Saint Cecilia

Flowers for St. Cecilia

Back to Flower Festival

Cecilia, a virgin of a senatorial family and a Christian from her infancy, was married by her parents to a noble pagan youth Valerianus. When the couple had retired to the wedding-chamber, Cecilia told Valerianus that she was betrothed to an angel who jealously guarded her body; therefore Valerianus must not violate her virginity. Valerianus wished to see the angel, whereupon Cecilia sent him to the third milestone on the Via Appia where he should meet Pope Urbanus. Valerianus obeyed, was baptized by the pope, and returned a Christian to Cecilia. An angel then appeared to them and crowned them with roses and lilies. Tiburtius, the brother of Valerianus, was also won over to Christianity. The brothers distributed rich alms and buried the bodies of the confessors who had died for Christ.

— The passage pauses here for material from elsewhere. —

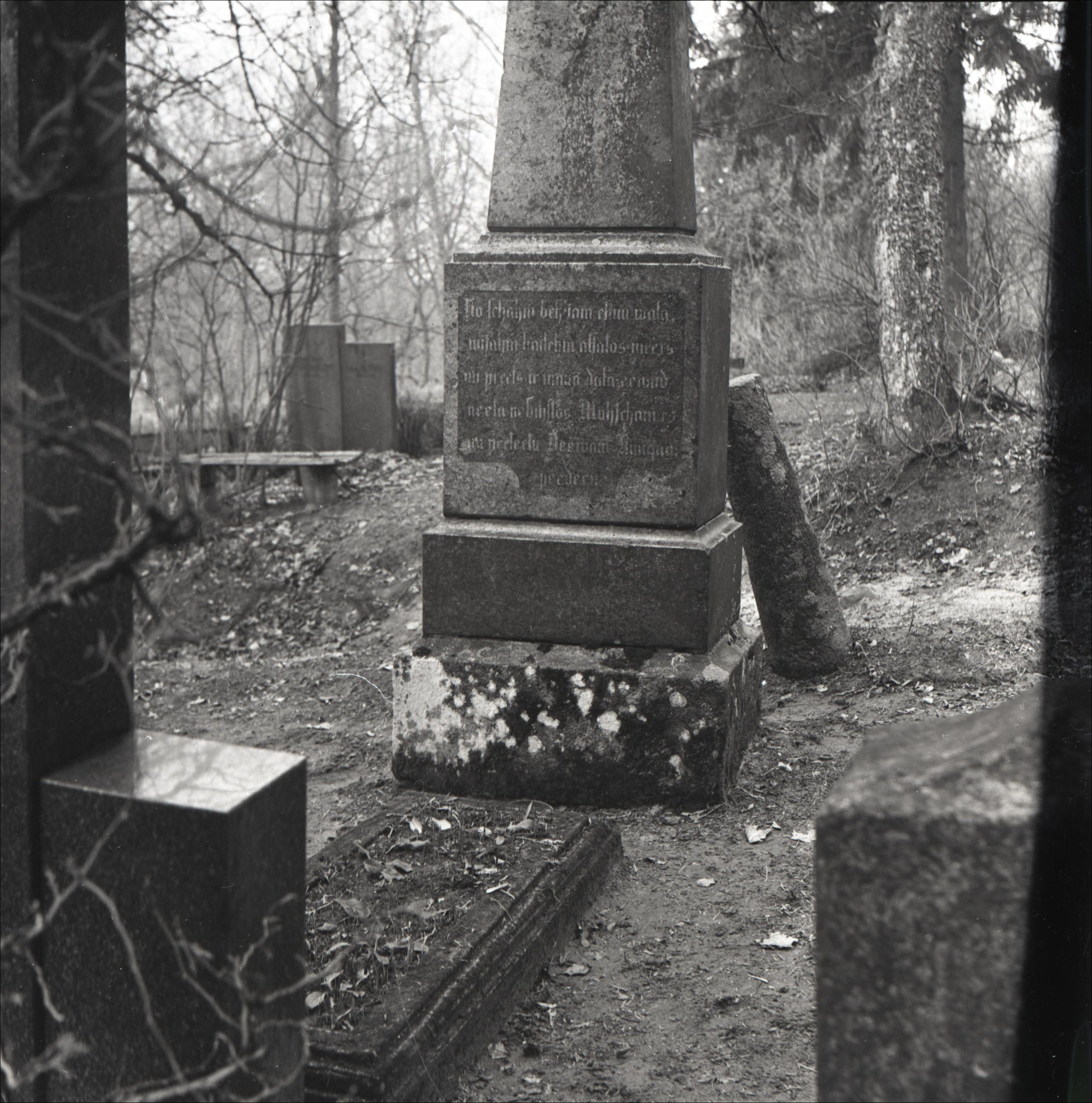 Madlienas kapi: 1905. gada revolucionāra K. Kalniņa kaps. Kapa vietas tuvplāns. Kapa vieta ar betonētu apmali. Pie kapa piemineklis obeliska formā, tā apakšdaļā uzraksts.

The prefect, Turcius Almachius, condemned them to death; an officer of the prefect, Maximus, appointed to execute this sentence, was himself converted and suffered martyrdom with the two brothers. Their remains were buried in one tomb by Cecilia.

Then Cecilia herself was sought by the officers of the prefect. Before she was taken prisoner, she arranged that her house should be preserved as a place of worship for the Roman Church. After a profession of faith, she was condemned to be suffocated in the bath of her own house. As she remained unhurt in the overheated room, the prefect had her decapitated there. The executioner let his sword fall three times without separating the head from the trunk, and fled, leaving the virgin bathed in her own blood. She lived three days, made dispositions in favour of the poor, and provided that after her death her house should be dedicated as a church. Urbanus buried her among the bishops and the confessors, i.e. in the Catacomb of Callistus.

The time when Cecilia suffered martyrdom is not known. The only time-indication is the position of the tomb in the Catacomb of Callistus, in the immediate proximity of the ancient crypt of the Popes, in which Urbanus probably was buried.

The oldest representations of St. Cecilia show her either with the crown of martyrdom in her hand or in the attitude of prayer. In the apse of her church in Trastevere is still preserved the mosaic made under Pope Paschal, wherein she is represented in rich garments as patroness of the pope.

Since the fourteenth and fifteenth centuries she is represented as playing on the organ, evidently to express what was often attributed to her; that while the musicians played at her nuptials she sang in her heart to God only. Possibly the cantantibus organis was erroneously interpreted as Cecilia herself as the organist. In this way the saint associated with music. When the Academy of Music was founded at Rome (1584) she was made patroness, whereupon her veneration as patroness of church music in general became still more universal.

Her feast is celebrated in the Latin and the Greek Church on 22 November.